Sixty-eight million Americans have bad credit scores, which means a credit score below 601 on a scale of zero to 800, according to a recent report. Another 45 million people have no credit history at all — or have histories so old they can’t be scored.
What are these folks to do when their fridge goes on the fritz or their mattress finally gives way — an outlay of at least $1,000? They can use a credit card, if they’re lucky enough to have one. Or they can pay cash which, in many cases, they don’t have. How, then, can they afford essential, but costly, consumer goods?
Until relatively recently, their options were pretty grim.

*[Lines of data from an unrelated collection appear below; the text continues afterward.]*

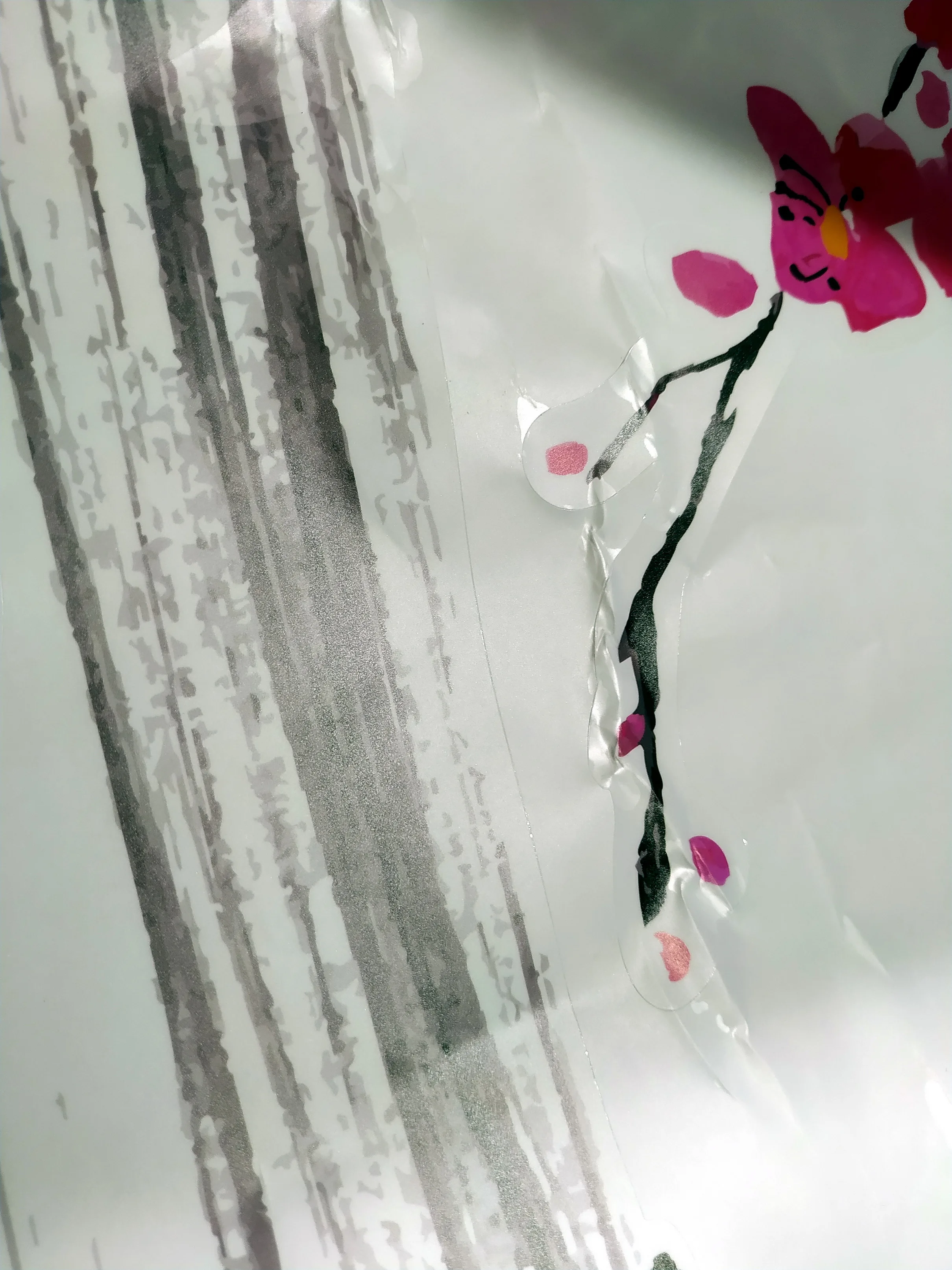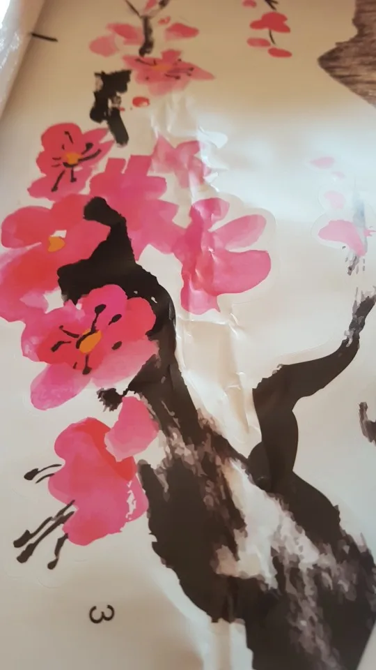 К продавцу претензий нет. Наклейка плотная, поверхность матовая, прозрачная, принт яркий, контрастный. Если что то не получиться возможно аккуратно отклеить и приклеить как надо. На всю наклейку ушло минут 30 с вырезом всех стыков между плиткой. На самом полотне есть подробная пронумерованная схема клейки. Продавец смотал полотно вокруг плотной паралоновой палки. Отлечилась наша почта России умудрясь смять всё это.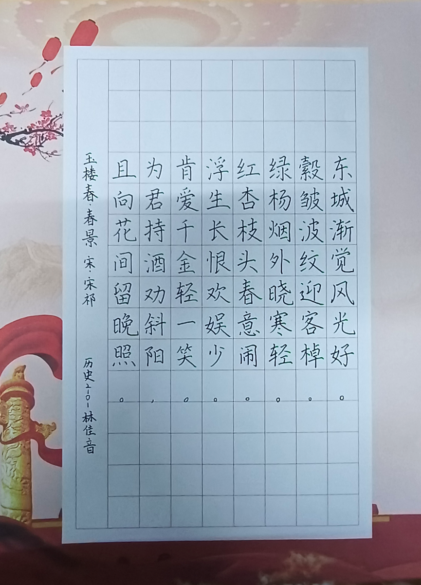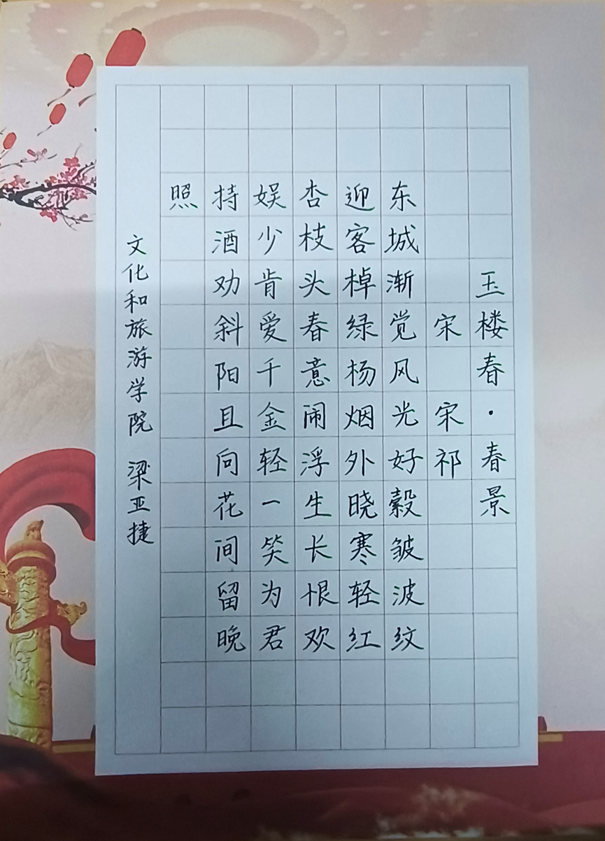 此次比赛让同学们体会了书法之美,培养了同学们的审美情趣,让同学们更加重视提高自己的书写能力。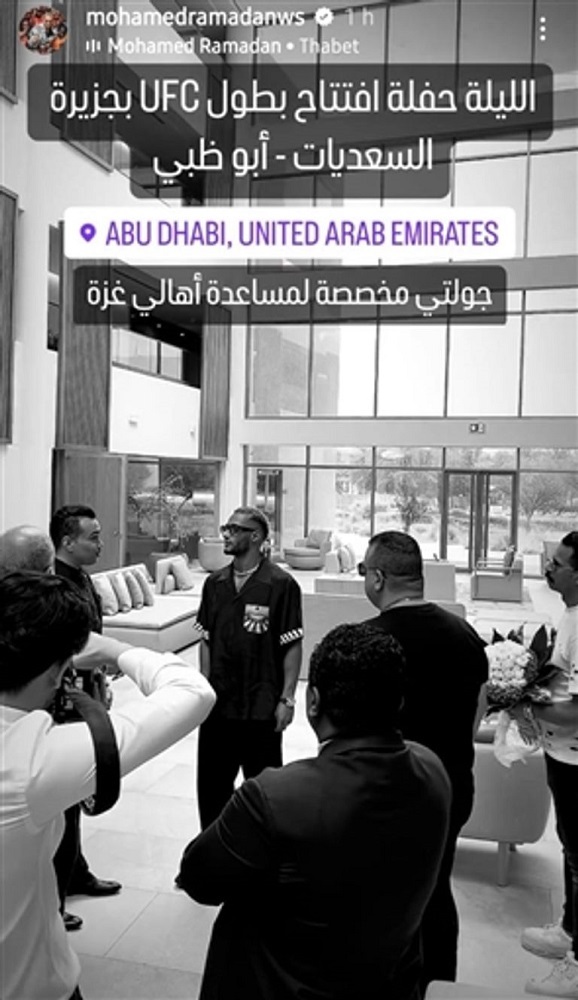 وذكر رمضان عبر خاصية “ستوري” في حسابه على “إنستغرام”: “الليلة حفلة افتتاح بطولة UFC بجزيرة السعديات بأبو ظبي، جولتي مخصصة لمساعدة أهالي غزة”.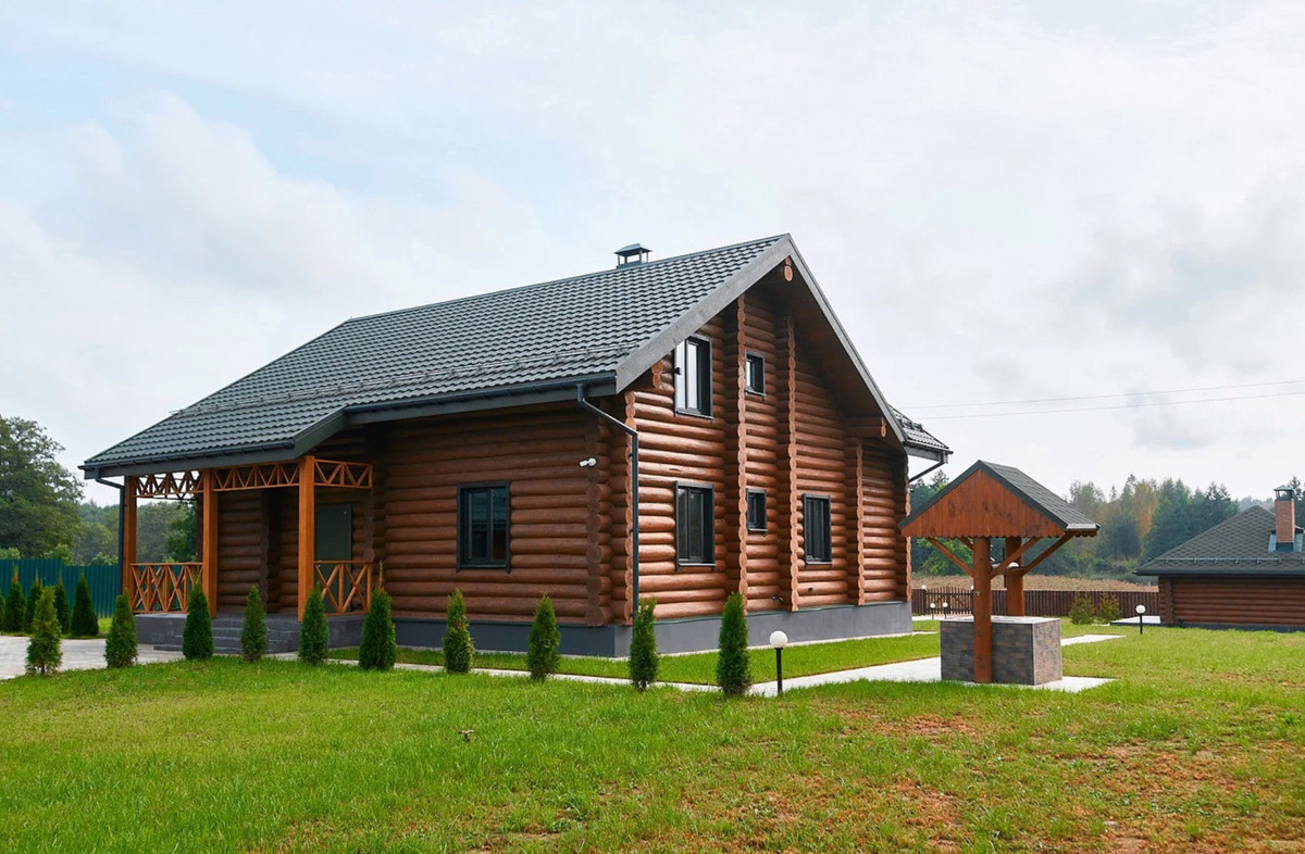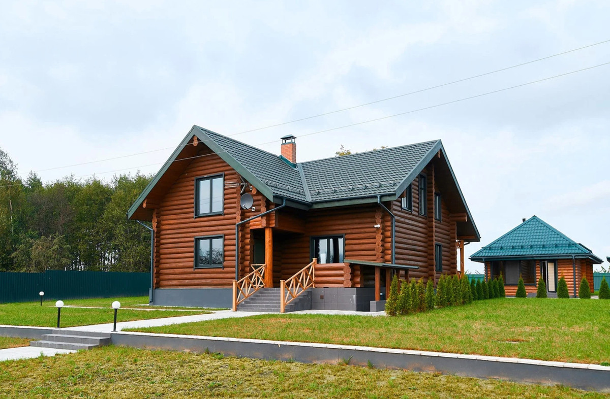 Главный дом — двухуровневый, 193 м², построен из сруба с заполнением швов американской мастикой, окрашен финской краской. Крыша — гибкая черепица с утеплением каменной ватой.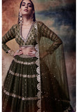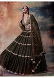 Hand Embroidered mughal boota v-neck blouse with a sequin splash tier lehenga and a net dupatta with mirror scallop border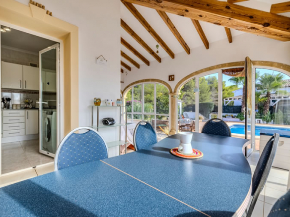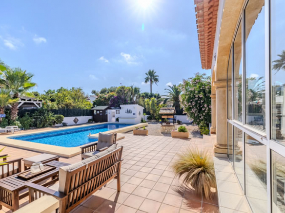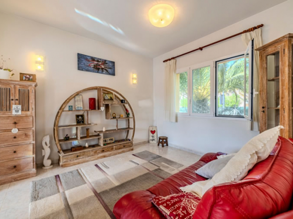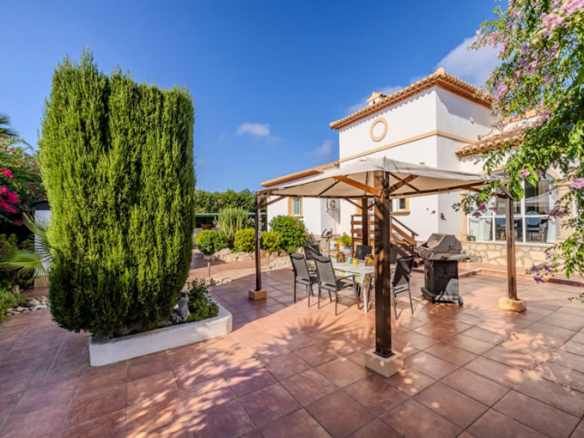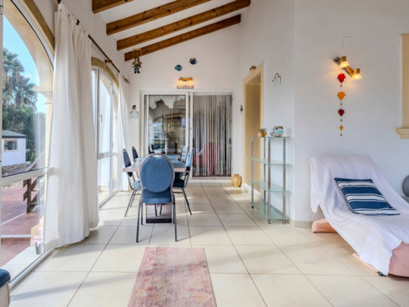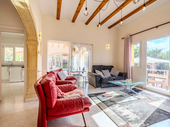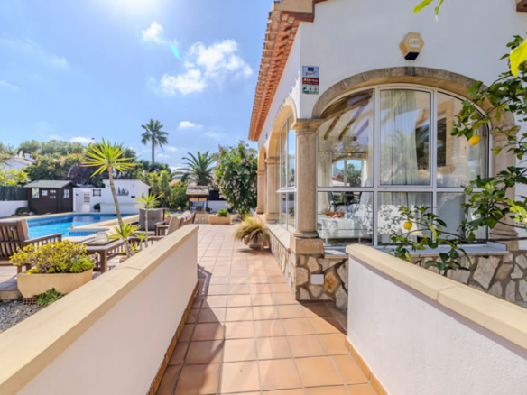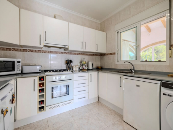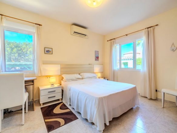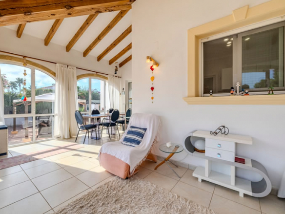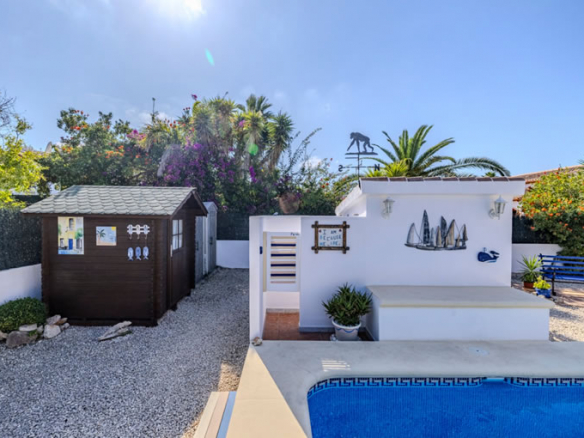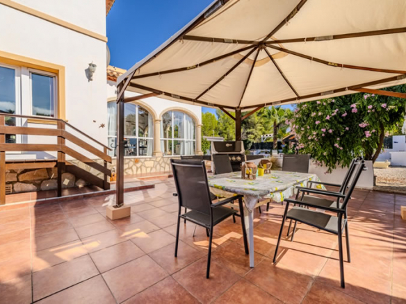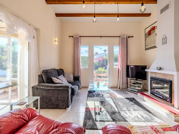 Suitable as a permanent home or holiday property, the villa sits on a large plot and includes three double bedrooms, one with an en-suite bathroom. A second bathroom serves the other bedrooms. There is an enclosed terrace that connects to the fully equipped kitchen, providing extra living space.

They could try to find a loan, but that usually requires a good credit record and may incur an annual percentage rate of up to 36.99 percent. As a last resort, they might have to settle for a payday loan — and end up paying for a consumer good many times over.
Fortunately for consumers with terrible credit, they can apply for a lease-to-own loan. It requires simple qualifications: having a job, a bank account, and a minimal balance in that account.
If the loan is paid off within 90 days, it carries no interest whatsoever — just a nominal fee (at Simple Finance, it’s $40) due at the signing of the lease.
What are the advantages of the lease-to-own option?
If you’re among those tens of millions of consumers burdened by bad credit histories, you needn’t fret about putting off a much-needed big-ticket item. The increasingly popular lease-to-own alternative offers a form of financial deliverance. More and more merchants across country are offering this program. So, when you go into a store, ask if this option is available. If not, go across the street or across town to another merchant and find one who does.